The Changing Face Of Art Shows

Barry Whitehouse - The Artery - Banbury 

As more people are getting used to spending time at home or in smaller 'bubbles’, one could wonder how this affects the large public galleries who have had to make significant changes since lockdown lifted in June.  They need visits, they need funding – however they can be supported needs to be emphasised.

Yet many now wonder why the need to see art in real life when we have technological break throughs allowing virtual tours.  So is there really a need to see art work up close and in person?  Could places like Tate Britain and The Ashmolean soon become a thing of the past?

Major Exhibitions – how often do you go?

With the constant use of the internet, many people claim to have ‘seen’ famous paintings, but even a decent resolution of a painting on a laptop is nothing compared to seeing it first-hand.  We are so used to seeing postcard sized versions of all the paintings that we tend to forget they are all different sizes in real life.  Monet’s loose, Impressionistic waterlilies for example are several metres long and look so detailed when reproduced in a book or on the screen.  I remember after teaching an art history lesson on Renaissance painting and looking at one particular image of the virgin and child on a huge projector screen, the class then went to The Ashmolean, where it was being displayed and couldn’t find it!  It was only the size of the palm of a hand and in a cabinet!

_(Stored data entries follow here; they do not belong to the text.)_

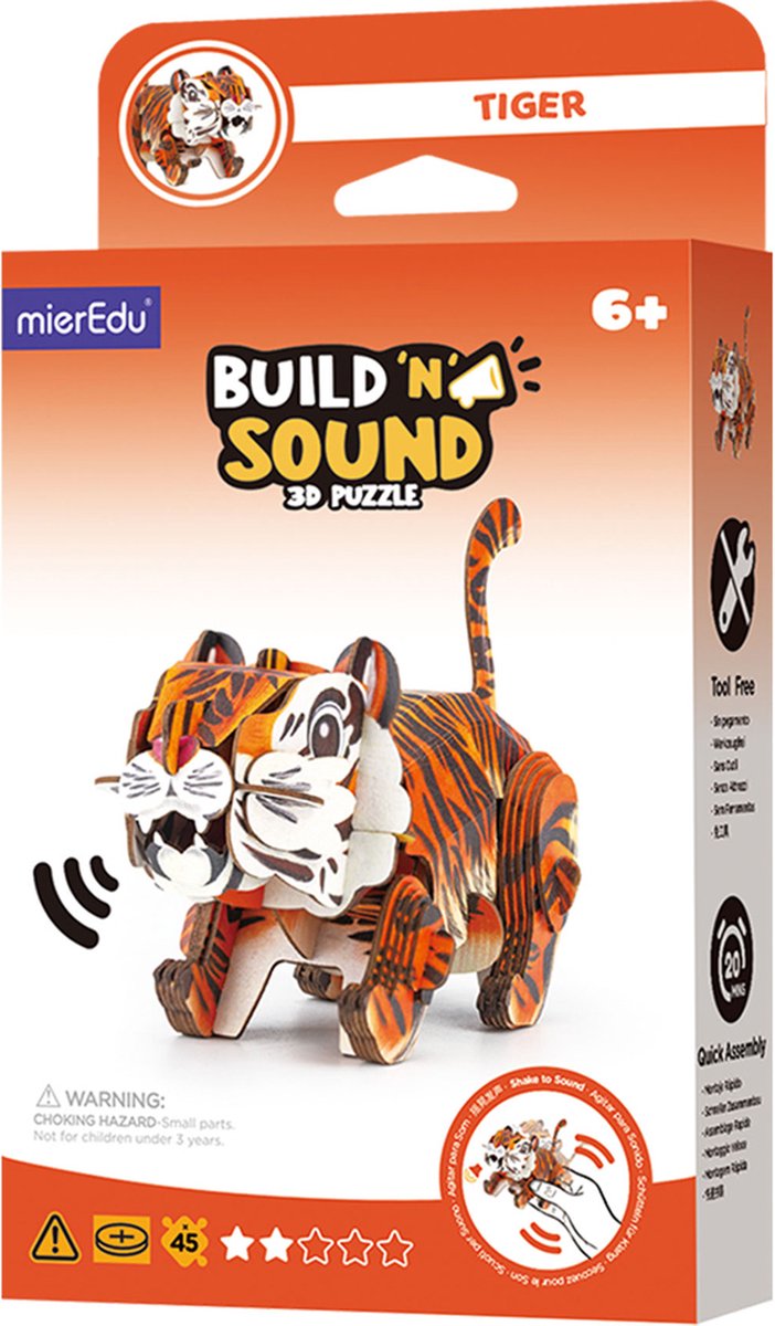 Acest Puzzle 3D 45 piese - Build 'n' Sound - Tigru are 45 piese care se îmbină perfect, rezultând un model de tigru miniatural. Acest puzzle va antrena creativitatea copiilor, dar și dexteritatea lor.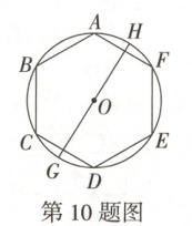 10. 万唯原创 如图,$\odot O$的内接正六边形$ABCDEF$的面积为$54\sqrt{3}$,$GH$为$\odot O$的直径,且点$G,H$分别为$\overset{\frown}{CD},\overset{\frown}{AF}$的中点,若以点$E$为圆心,$4\sqrt{3}$长为半径画弧,与$GH$相交于点$M$,则$\angle GEM$的度数为 (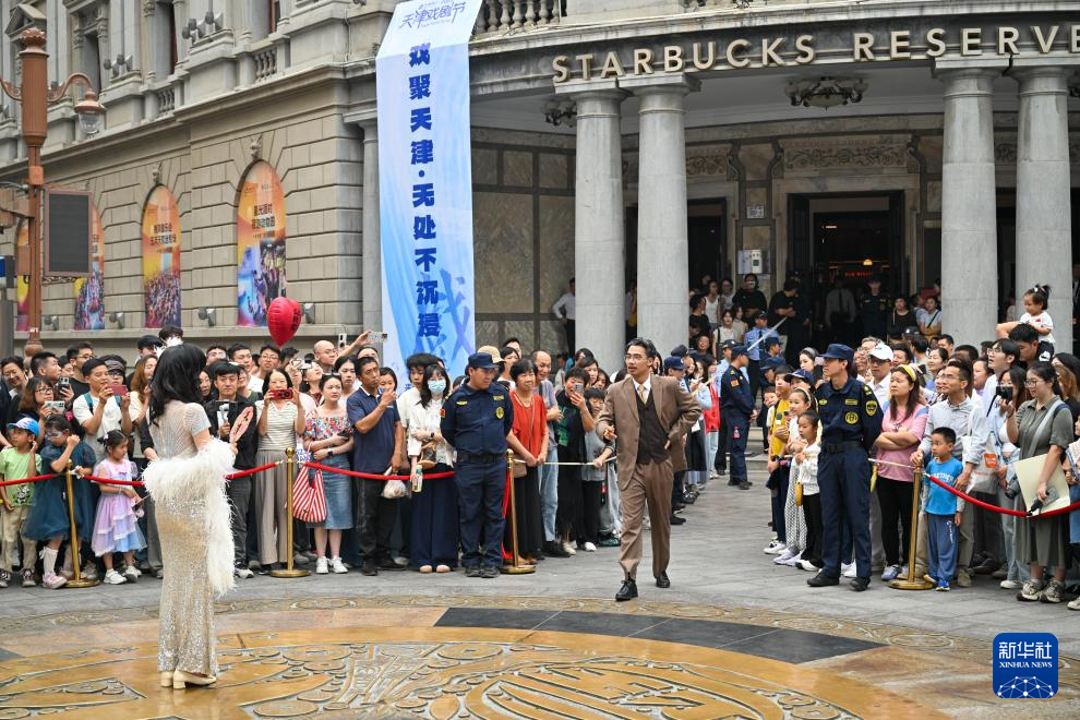 戏曲快闪让拥有89年历史的中国大戏院焕发新活力;金街上演沉浸式话剧《日出》,在故事发生地附近致敬经典;意式风情区马可波罗广场演绎歌剧《茶花女》选段,让观众“在天津遇见意大利”……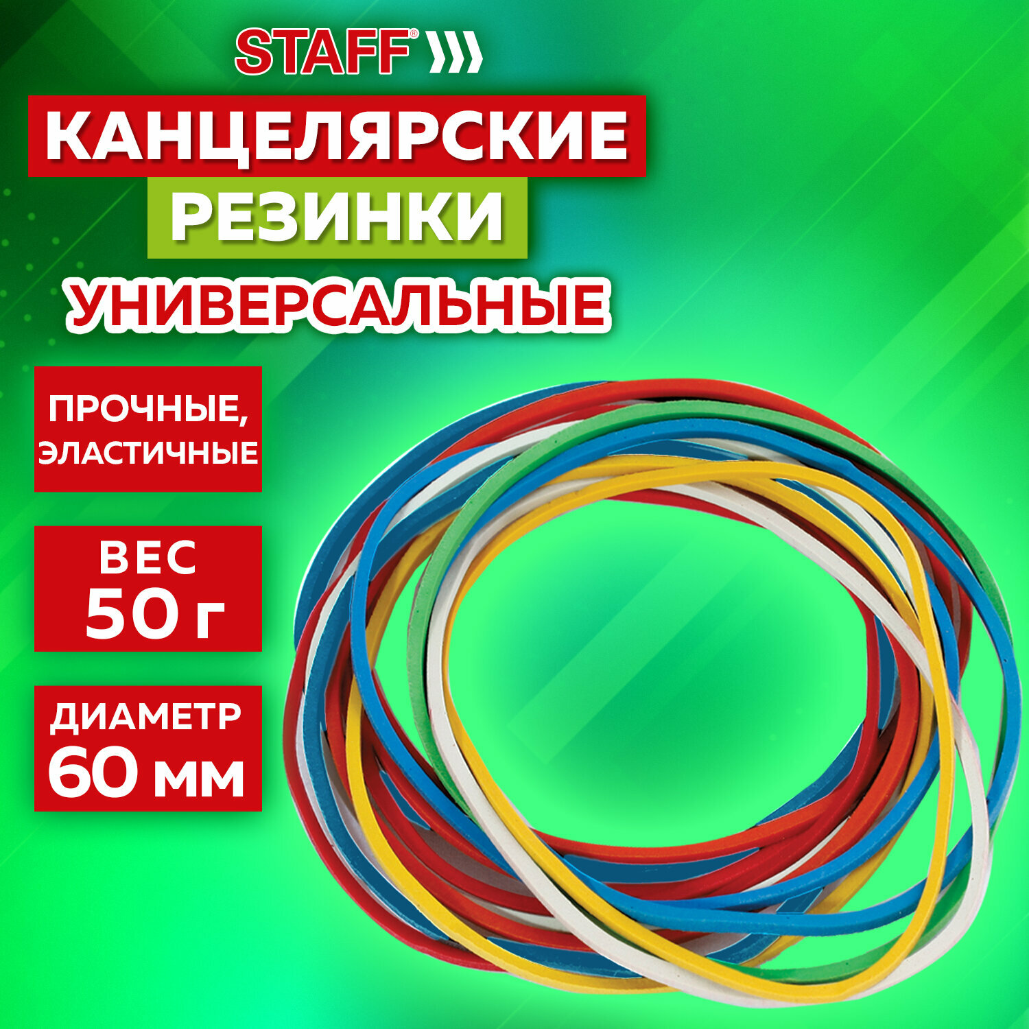 Резинки банковские универсальные диаметром 60 мм, STAFF 50 г, цветные, натуральный каучук, 440117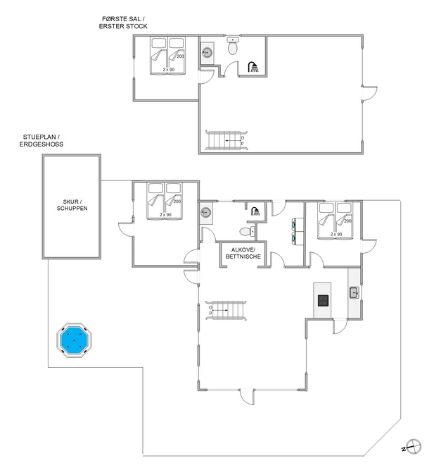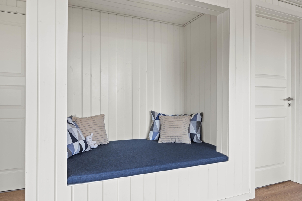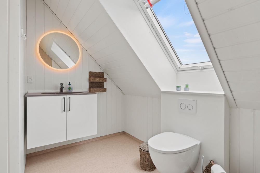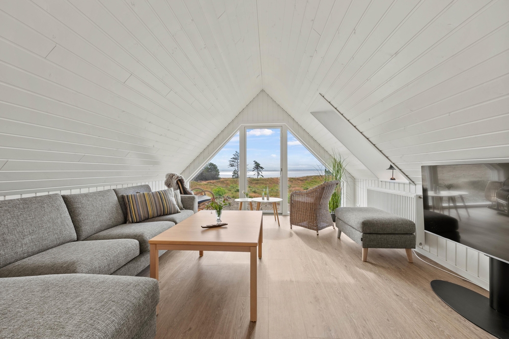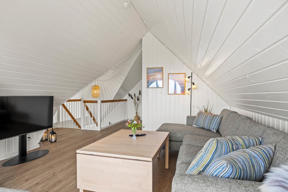 På førstesalen finder I det tredje soveværelse, endnu et badeværelse med gulvvarme og opholdsstuen. Stuen indbyder til hyggelige og afslappende stunder ? uanset om der er spilleaften eller en god film på programmet.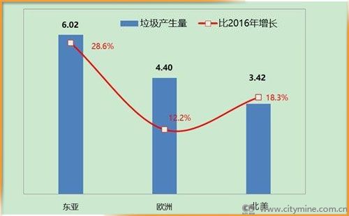 根据2018年12月世界银行发布的调查报告,2016年全球城市生活垃圾产生量为20.1亿吨。东亚太平洋地区是目前产生垃圾最多的区域,占世界垃圾总量的23%。尽管高收入国家仅占全球人口的16%,但产生的垃圾量却超过世界垃圾总量的三分之一。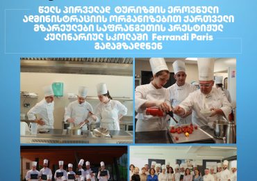 წელს პირველად ტურიზმის ეროვნული ადმინისტრაციის ორგანიზებით ქართველი მზარეულები საფრანგეთის პრესტიჟულ კულინარიულ სკოლაში Ferrandi Paris გადამზადდნენ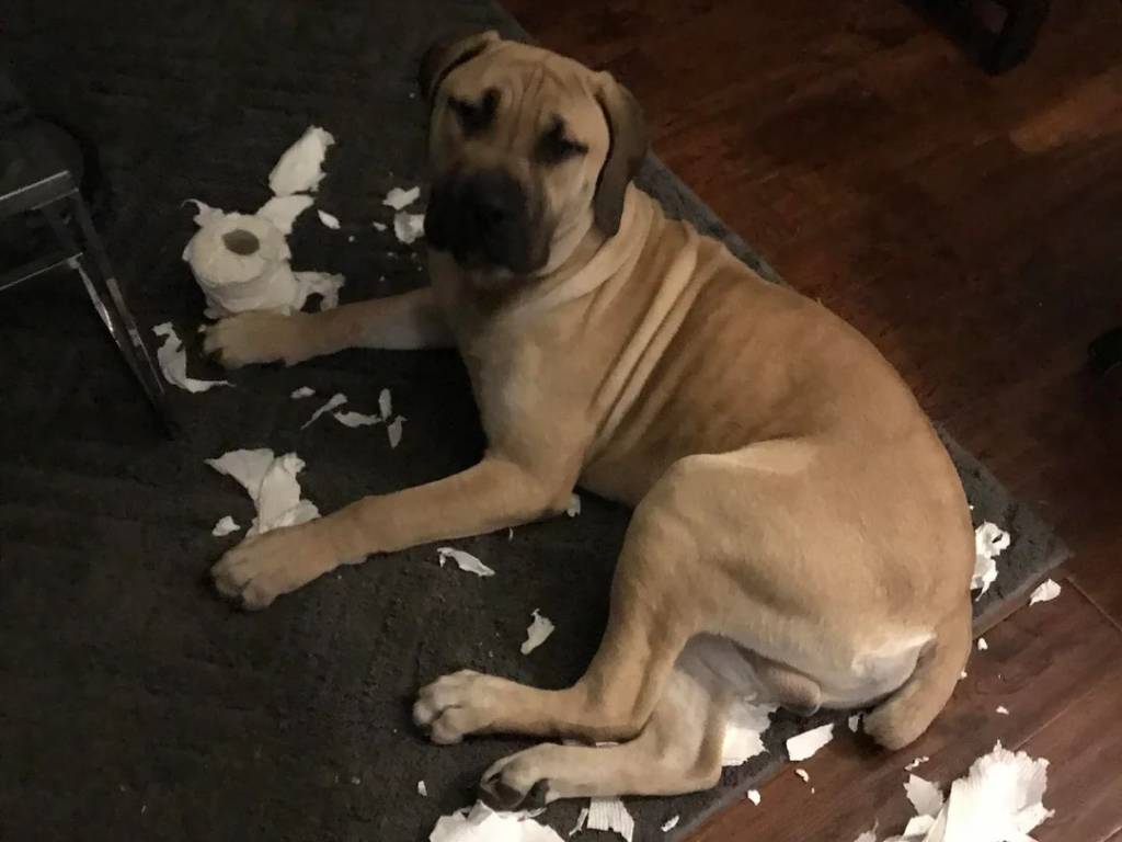 Un Boerboel allongé sur un tapis et ayant fait des dégâts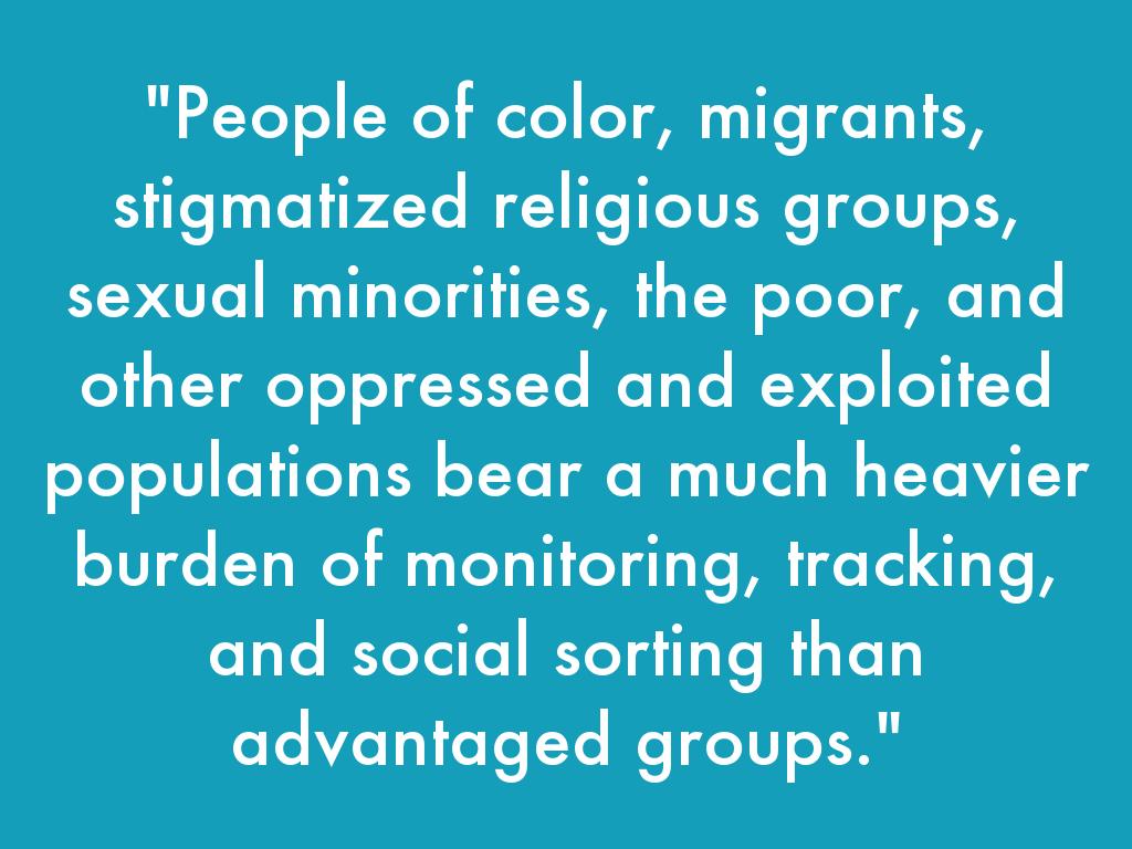 "People of color, migrants, stigmatized religious groups, sexual minorities, the poor, and other oppressed and exploited populations bear a much heavier burden of monitoring, tracking, and social sorting than advantaged groups."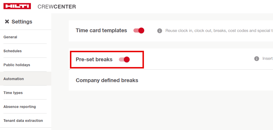 When enabled, breaks appear automatically for the selected days and times, based on user or company settings.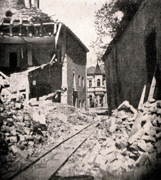 - völlige Vernichtung u.a. der Evangelischen Kirche, der „Arbeiterheimat“ in der Brunnhausgasse 4 und der Firma Steinecker
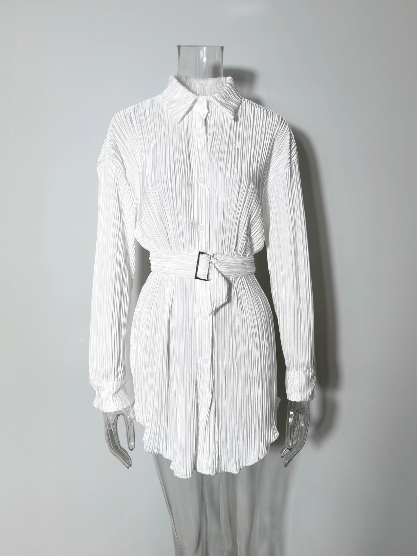Spring Summer Popular Fashionable Pleated Long Sleeved Shirt Belt Dress

Make a promise this coming year to attend more exhibitions and go to more galleries where possible and see these wonderful art works up close and personal instead of in a book or on a screen – it will mean so much more.

What to look for and ponder when in an Art Gallery:

When visiting galleries, especially large exhibitions of paintings of centuries past in the big city galleries, it is easy to become an art critic and judge the piece for purely how it looks on the gallery wall.  But galleries don’t necessarily display the work how they were intended to be viewed.

My top three questions to ask when viewing famous works of art are:

Who painted it?

Who commissioned it, and why?

Where was it originally designed to be hung?

If you can find the answers to these questions it will put the painting in a whole new light.  For example, many paintings may look distorted or odd on the gallery wall, but that doesn’t mean that the artist was unskilled.  In fact, it means quite the opposite.  When constructing the original artwork, the artists would work around where the painting would be displayed.  Paintings were often only ever intended to be in one position and would be made to fit exactly.  More than that though, if the painting was to be set quite high up in say a large dining room with 18’ high ceilings, then the artist would deliberately distort the proportions so from ground level looking up, the figures and angles looked perfect.  The only snag with this is that centuries later, the painting finds its way into a gallery, and is hung only 6’ high instead of 12’ high.  From this new viewpoint, all of the exaggerated proportions will look very wrong.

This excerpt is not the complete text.